The shift is already visible in transaction patterns: 3-bedroom entire-unit deals in key cities rose 15% quarter over quarter in the first half of 2026[1]China Urban Housing Rental Think Tank and Ziroom Research Institute, “2026 H1 Long-Term Rental Market Semi-Annual Report,” NetEase News, 163.com. That increase suggests that family-compatible or privacy-led demand is not confined to traditional apartment rentals, but is also feeding into the product logic of managed co-living. Shared room supply faces the greatest pressure from subsidized affordable rental housing, as public units directly compete on price in the lowest tier. Private room products sit in a more defensible middle position because they balance affordability, convenience, and personal control better than either open dorm-style formats or higher-priced private units. Operators are responding by adding smart access, app-based services, and more consistent maintenance standards to private rooms and entire-unit products, which helps defend occupancy and reduce churn even when broader rents are soft.

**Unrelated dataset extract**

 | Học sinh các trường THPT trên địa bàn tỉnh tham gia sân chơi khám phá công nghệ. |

By Business Model: Asset-Light Management Agreements Displace Asset-Heavy Structures
Asset-light master lease / lease arbitrage held a 46% share in 2025, indicating it remained the largest business model in the China co-living market even as its risk profile worsened. That model expanded quickly in earlier years because operators could scale without buying assets, but it also left them exposed when market rents stopped rising. The weakness became clearer in 2025, as rent deflation compressed margins while lease commitments remained fixed, limiting operators' earnings flexibility with large leased portfolios. In contrast, the asset-light management agreement is projected to grow at a 16.90% CAGR through 2031, making it the fastest-moving model in the market. That growth reflects a wider operator shift toward fee income and away from direct rent-cycle exposure.

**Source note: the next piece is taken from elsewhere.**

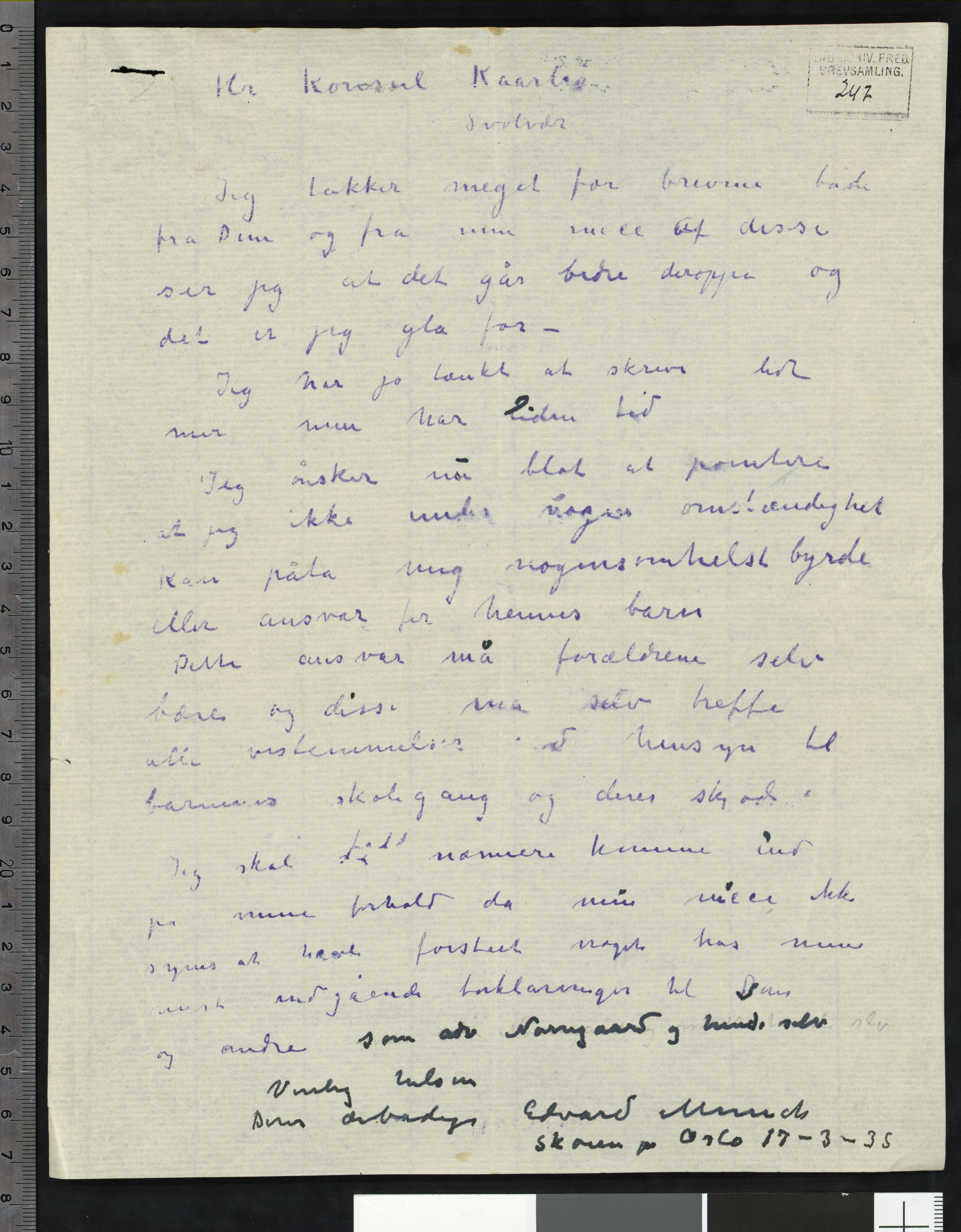 Brevs. 247 (PN 239), Nasjonalbiblioteket. Datert 17.3.1935. Brev til Harald Kaarbø

The economics of the model are attractive because operators can earn 20% to 30% of rental revenue as a management fee while avoiding the balance-sheet burden of long-term lease liabilities. Mofang’s joint venture with Shanghai Huayi Holdings Group Co. Ltd. showed how this approach works in practice, with the state entity holding the asset and the private company handling operations. This split between public ownership and private management is important because affordable rental housing expansion is both a competitive threat at the low end and a direct source of management contracts. Asset-heavy own-develop-operate structures are also drawing renewed interest, but mainly through institutional partnerships such as the Invesco Real Estate and Ziroom platform rather than through standalone operator expansion. Even so, 3- to 5-year contract terms create continuity risk, suggesting the China co-living market is likely to reward operators with stronger long-cycle performance records over those relying solely on rapid footprint growth.
By Price Band: Mid-Scale Commands Volume as Premium / Luxury Decouples from the Market
Mid-scale held a 48% share in 2025, making it the largest price band in the China co-living market, as it aligns most closely with the budgets of urban working renters. The segment sits between subsidized economy supply and higher-service premium stock, giving it a broad customer base across younger professionals and longer-stay tenants. Premium / luxury is still the fastest-growing price tier, with a 17.30% CAGR through 2031, indicating that growth is not coming only from low-rent demand. The China co-living market for premium / luxury is expanding as a larger 30-plus renter base places greater value on privacy, reliable operations, and branded living standards. That preference also raises the value of technology integration and better tenant services in higher-priced properties.
Demand resilience at the top end has held up better than the broader rent cycle, as institutionally managed properties in Beijing and Shanghai maintained occupancy rates of 90% to 91% in early 2025, even as general rents declined. Economy co-living faces the most direct competition from subsidized rental housing, and 84% of the new centralized apartment supply in 2025 came from affordable rental projects priced below market alternatives. That pricing gap narrows the room for private operators to compete purely on cost in the lowest tier. Mid-scale, therefore, remains the volume anchor because it serves tenants priced out of ownership and premium stock who are still seeking more stability than informal rentals can provide. Premium / luxury, by contrast, is becoming the clearest path for operators seeking stronger margins and less exposure to state-backed pricing pressure.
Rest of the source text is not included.